9 Responses to “Head Transplantion”

  1. DOYLEon 28 Jun 2013 at 12:04 pm

    The stuff great fiction is made of.

  2. Kawarthajonon 28 Jun 2013 at 1:55 pm

    Woohooo! I’m only 39 1/2, meaning that I should start saving for my head transplant. Phew, just made it in under the wire!

    All joking aside, this is a great, very interesting question and I really appreciate your answer Steve! Something that might cross your mind, but I don’t have the ability to answer.

    It seems like stem cells will come to play a big part in reconnecting severed nerves. Would they not also play a role in head transplants in the future, say if your body was crushed? You hear about rats/mice having abilities restored with the help of stem cells. Are we really far away from that in humans as well?

  3. Jared Olsenon 28 Jun 2013 at 9:51 pm

    Awesome! Great question and amazing answer. This is now one of my favourite posts!
    I remember in the film of the Lovecraft short story, the head was kept alive (and talking!) by sitting in a tray of fresh blood. At the time I thought that was probably insufficient…

  4. BillyJoe7on 29 Jun 2013 at 10:43 pm

    “I’m going to stick my neck out…”

    Good one, Steve. (:

  5. Bill from Fallbrookon 01 Jul 2013 at 12:24 pm

    FYI… Just saw this story this AM, don’t know if it’s legitimate or not: http://nextbigfuture.com/2013/06/technical-hurdles-have-been-overcome.html

  6. practiCal fMRIon 01 Jul 2013 at 3:00 pm

    Hi Steven,

    There’s another interesting angle to the idea of a brain transplantation. According to Anthonio D’Amasio’s last book (and probably others), he postulates that much of our sense of self is due to hierarchical spatial maps – maps of our limbs in space, maps of our internal organs, maps of our location relative to the ground, to danger, etc. A brain that has matured in one body would then have spatial maps appropriate for that body. There might well be an initial incompatibility with a new body; perhaps a sense akin to vertigo, or “outer body experience,” or who knows what. Perhaps the brain would need a (long?) period of re-mapping via new functional/anatomical connections. The new brain might have to learn how to “drive” the new body just as infant brains have to learn how to interact with their world. I only mention all of this to give voice to the notion that a brain and a body may not be as functionally separable as we might think at first blush. As a neuroimager I do tend to treat the body as a life-support system for the organ of interest, but I concede that neuro-centric view could be highly misleading!

    Cheers,

    Ben

  7. Davdoodleson 01 Jul 2013 at 8:38 pm

    “The alternative to a full head transplant is a brain transplant.”

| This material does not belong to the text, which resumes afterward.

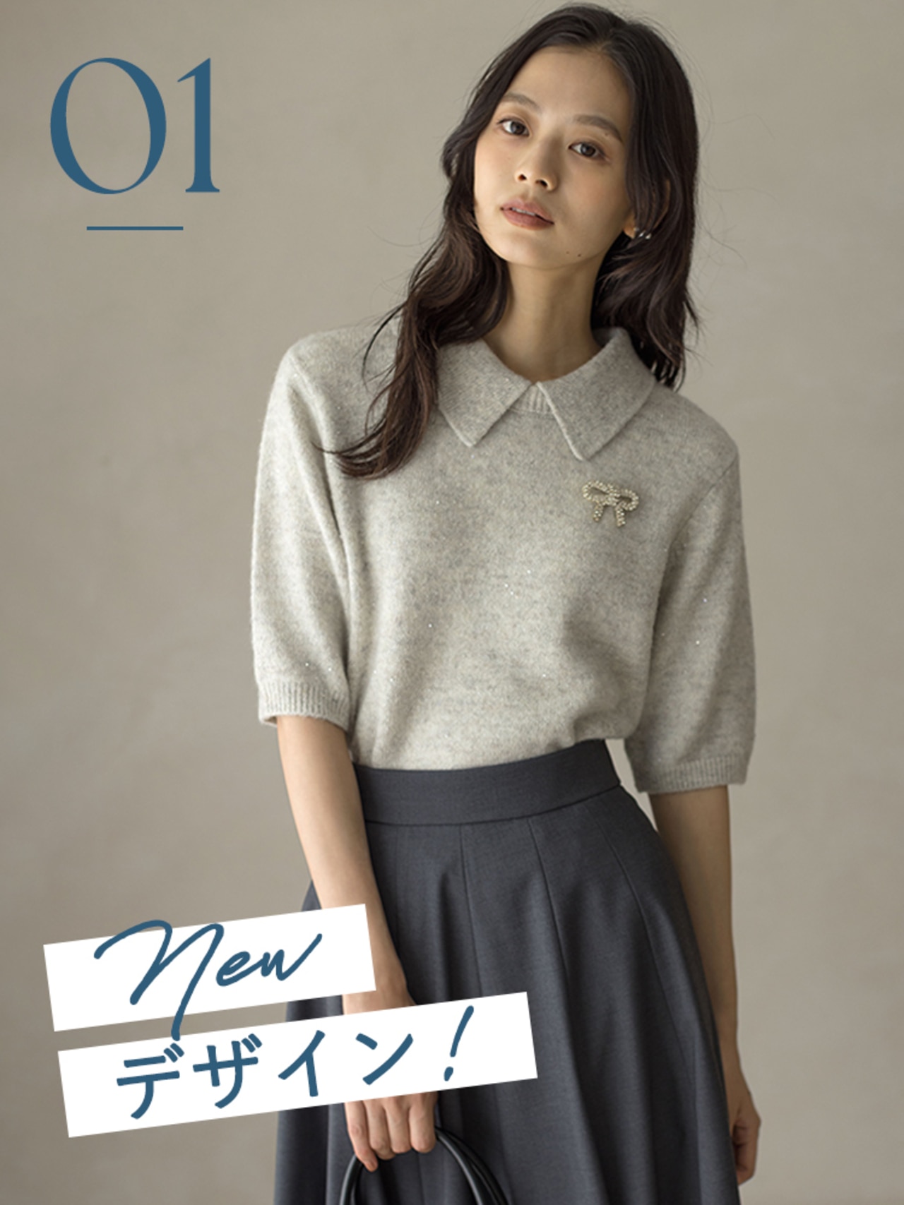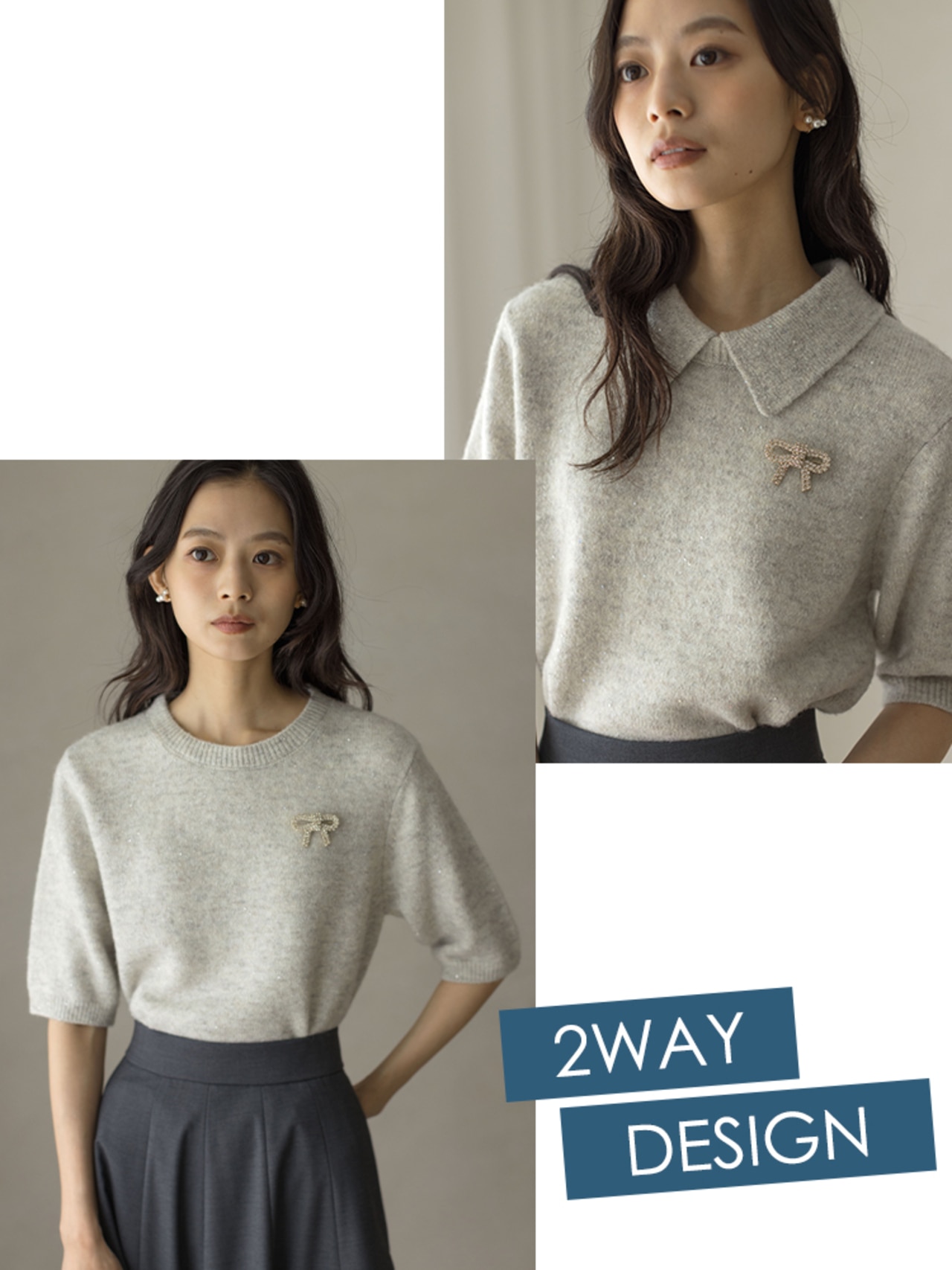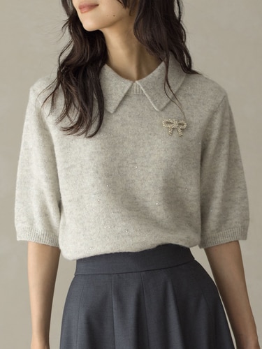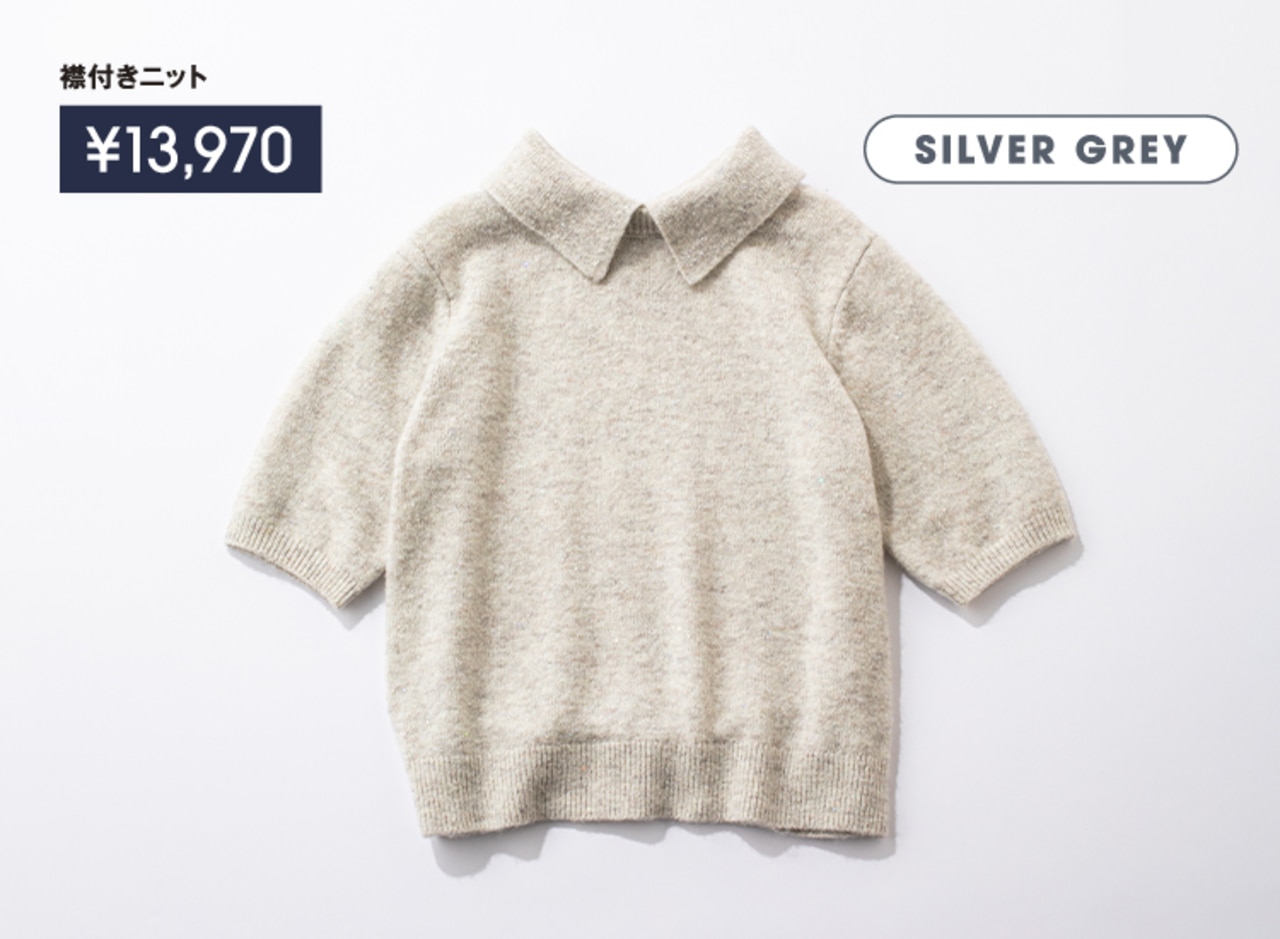 取り外せる襟付きで着こなし自在な5分袖ニット

    I’d have thought that would be more difficult as it would invovlve all the same spinal comnections as a head-to-body graft, but also connecting up the optic, auditory, olfactory nerves etc.

    Even re a head-to-body graft, certainly at the moment, a spinal re-connection seems beyond our abilities. But, assuming that all the other plumbing issues (connecting up veins, lymphatic and ventriculalr systems, meninges), etc can be overcome, would the head be conscious? ie would it be effectively like a person with a complete upper spinal break – a quadriplegic but otherwise able to see, hear, smell? Talk?

    If so, I wonder if a person with massive body damage but an intact head (eg someone run over by a train), would want to be transplanted onto a healthy body with a destroyed head (eg a suicide-by-gunshot victim), even if it meant living as a quadriplegic?

    Happy thoughts…
    .

  8. Mlemaon 02 Jul 2013 at 12:43 am

    I didn’t look at any of the articles or watch the video, but I’m really troubled by the fact that people would kill animals in this way: cutting the head off and keeping the brain alive by transplanting the head. This sounds like torture to me. Anyone who’s ever had a pet knows that animals have emotions, and I suspect living for even a few days in this fashion would involve fear and pain.

    I hope I’m misunderstanding the experiments and that the animals were effectively dead, and the research was just showing circulation or something, and no brain function in the transplant.

  9. Billzbubon 08 Jul 2013 at 12:55 pm

    But, what about heads in jars Futurama-style?